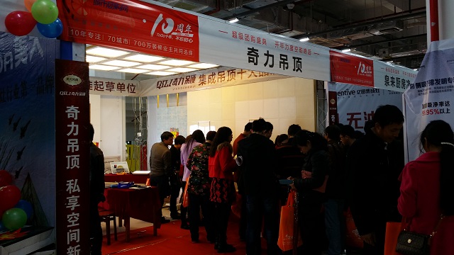 活動現場,人潮翻涌。金華奇力利用本次轟動性的展會效應。精心布置奇力吊頂展位,形象領先的美式風尚,以“梵帝”系列新品立足,產品型號、規格等的轉型,讓前來購選的消費者眼前一亮,吸引了眾多消費者蒞臨選購,將奇力展位圍得水泄不通。奇力銷售部多員干將,聯手金華導購團隊,認真傾聽消費者的心聲,給予周到全面的服務。套餐搭配,贈品相隨,傾力呈現……
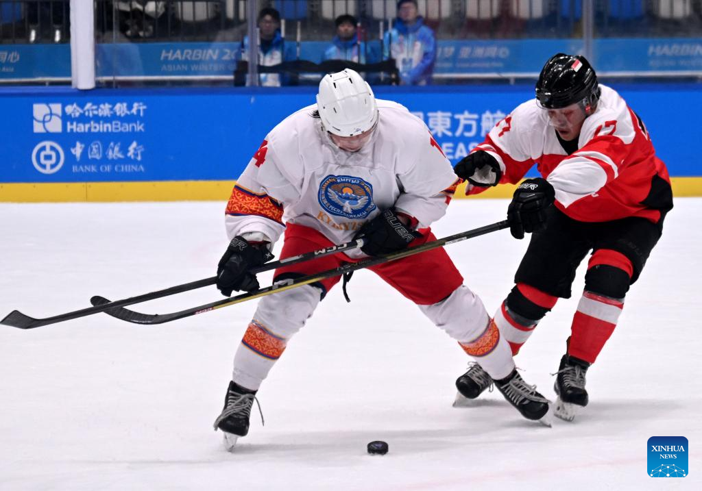 Elmer Colby Ruben (1st R) of China's Hong Kong and Bayhanov Novruz of Turkmenistan compete during the men's ice hockey group C match between Turkmenistan and China's Hong Kong at 2025 Asian Winter Games in Harbin, northeast China's Heilongjiang Province, on Feb. 9, 2025. (Xinhua/Li Ziheng)
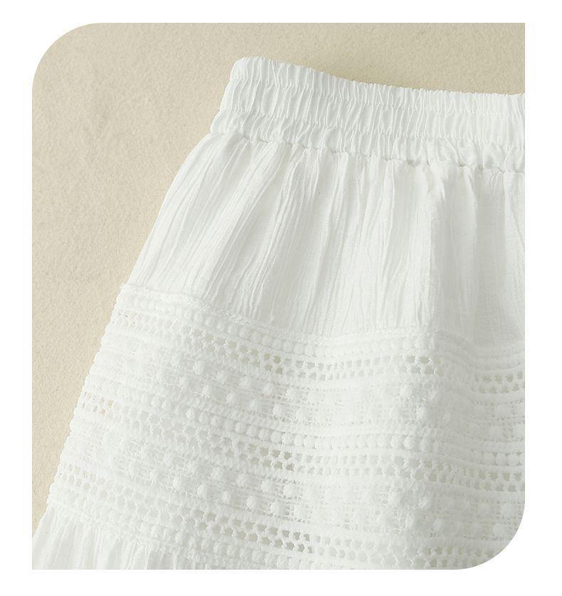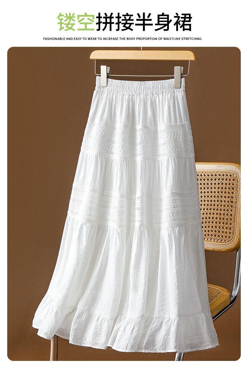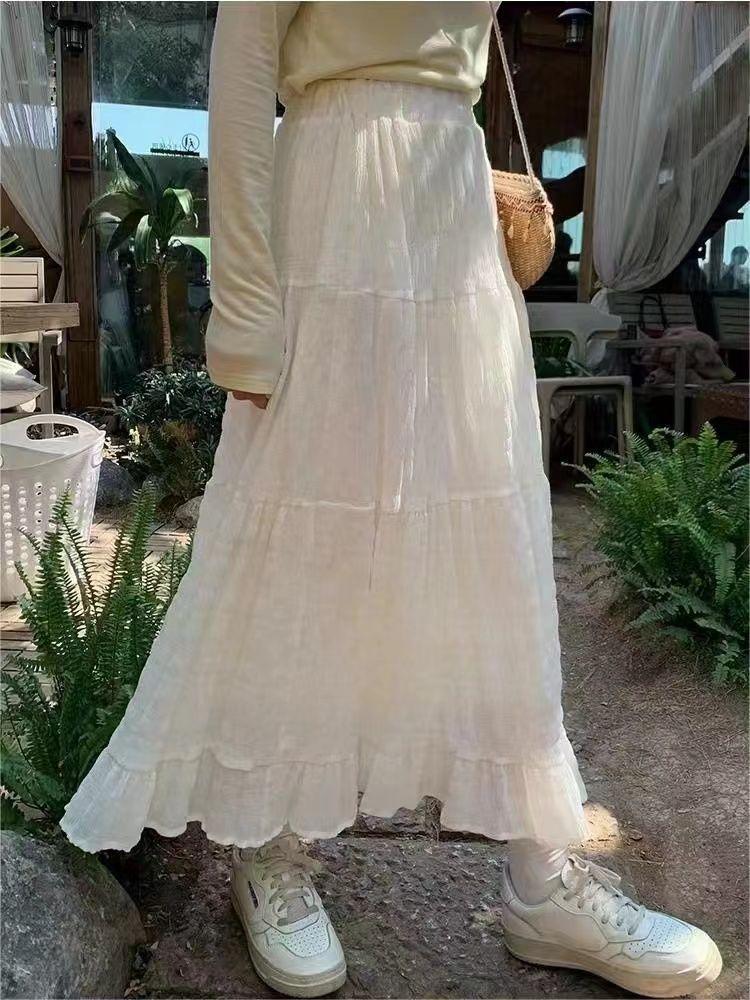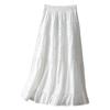 Falda Blanca para Mujer Primavera Delgada 2025 Nuevo Estilo Elástica Cintura Alta Costuras Chifón Falda Línea A Falda Larga Falda Paraguas
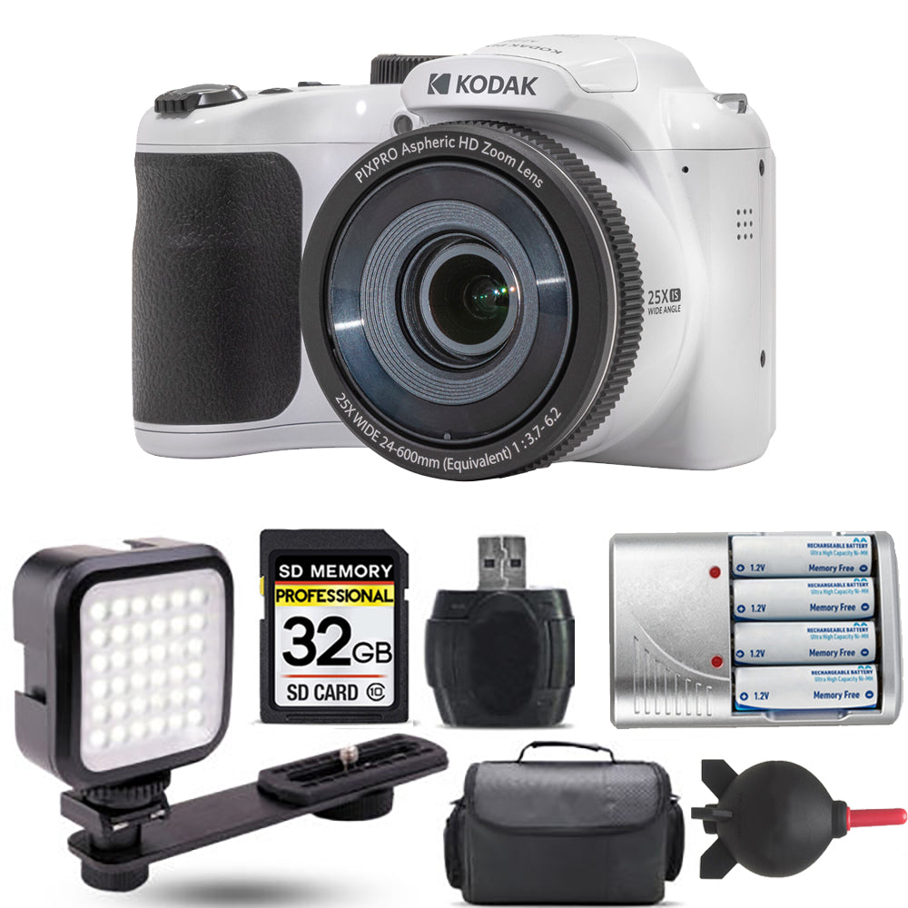 Kodak PIXPRO AZ255 Digital Camera (White)+ Extra Battery + LED - 32GB Kit
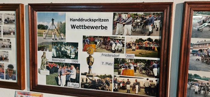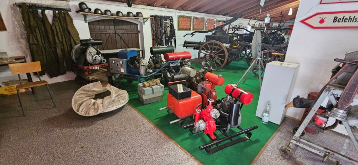 Und wieder waren es unsere Alterskameraden, die mit großen Engagement und Fleiß aus einem eher schlicht gestalteten Funktionsraum ein kleines Prachtstück gestalteten. Heute können Besucher unserer Feurewehr wieder eine sehr umfangreiche Sammlung historischer Ausrüstungsgegenstände und Dokumente besichtigen. Darunter alte Handdruckspritzen und Schlauchwagen, Tragkraftspritzen und Leiter, Feuerlöscher, Uniformen, wasserführender Armaturen und vieles mehr.Trotz dieser vielfältigen bereits vorhandenen Ausstellungsstücke sind wir ständig bemüht, die Ausstellung weiter zu ergänzen und zu aktuallisieren. Von Bürgern und Freunden der Feuerwehr sowie der benachbarten Wehren kommen immer wieder neue Raritäten dazu, auch wenn es vielfach nur Leihgaben sind.
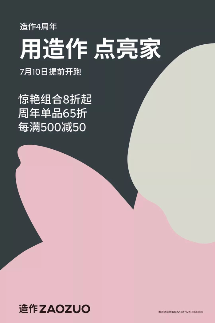 本月设计家居品牌造作将迎来四周年庆典,一系列周年福利正式启动。来自27国过百位的全球签约设计大师齐聚一堂为你出谋划策,用小预算、短时间轻松点亮全屋。活动期间将推出超过30组的惊艳组合低至8折;7月16日至7月22日,造作每天精选4款世界设计单品6.5折;每满500元减50元活动,上不封顶,还可与其他优惠同时叠加。

····················

◆ Problem to solve
An exact reproduction of the data above is required, with every picture removed.

◆ Reply
 活動現場,人潮翻涌。金華奇力利用本次轟動性的展會效應。精心布置奇力吊頂展位,形象領先的美式風尚,以“梵帝”系列新品立足,產品型號、規格等的轉型,讓前來購選的消費者眼前一亮,吸引了眾多消費者蒞臨選購,將奇力展位圍得水泄不通。奇力銷售部多員干將,聯手金華導購團隊,認真傾聽消費者的心聲,給予周到全面的服務。套餐搭配,贈品相隨,傾力呈現……
 Elmer Colby Ruben (1st R) of China's Hong Kong and Bayhanov Novruz of Turkmenistan compete during the men's ice hockey group C match between Turkmenistan and China's Hong Kong at 2025 Asian Winter Games in Harbin, northeast China's Heilongjiang Province, on Feb. 9, 2025. (Xinhua/Li Ziheng)
 Falda Blanca para Mujer Primavera Delgada 2025 Nuevo Estilo Elástica Cintura Alta Costuras Chifón Falda Línea A Falda Larga Falda Paraguas
 Kodak PIXPRO AZ255 Digital Camera (White)+ Extra Battery + LED - 32GB Kit
 Und wieder waren es unsere Alterskameraden, die mit großen Engagement und Fleiß aus einem eher schlicht gestalteten Funktionsraum ein kleines Prachtstück gestalteten. Heute können Besucher unserer Feurewehr wieder eine sehr umfangreiche Sammlung historischer Ausrüstungsgegenstände und Dokumente besichtigen. Darunter alte Handdruckspritzen und Schlauchwagen, Tragkraftspritzen und Leiter, Feuerlöscher, Uniformen, wasserführender Armaturen und vieles mehr.Trotz dieser vielfältigen bereits vorhandenen Ausstellungsstücke sind wir ständig bemüht, die Ausstellung weiter zu ergänzen und zu aktuallisieren. Von Bürgern und Freunden der Feuerwehr sowie der benachbarten Wehren kommen immer wieder neue Raritäten dazu, auch wenn es vielfach nur Leihgaben sind.
 本月设计家居品牌造作将迎来四周年庆典,一系列周年福利正式启动。来自27国过百位的全球签约设计大师齐聚一堂为你出谋划策,用小预算、短时间轻松点亮全屋。活动期间将推出超过30组的惊艳组合低至8折;7月16日至7月22日,造作每天精选4款世界设计单品6.5折;每满500元减50元活动,上不封顶,还可与其他优惠同时叠加。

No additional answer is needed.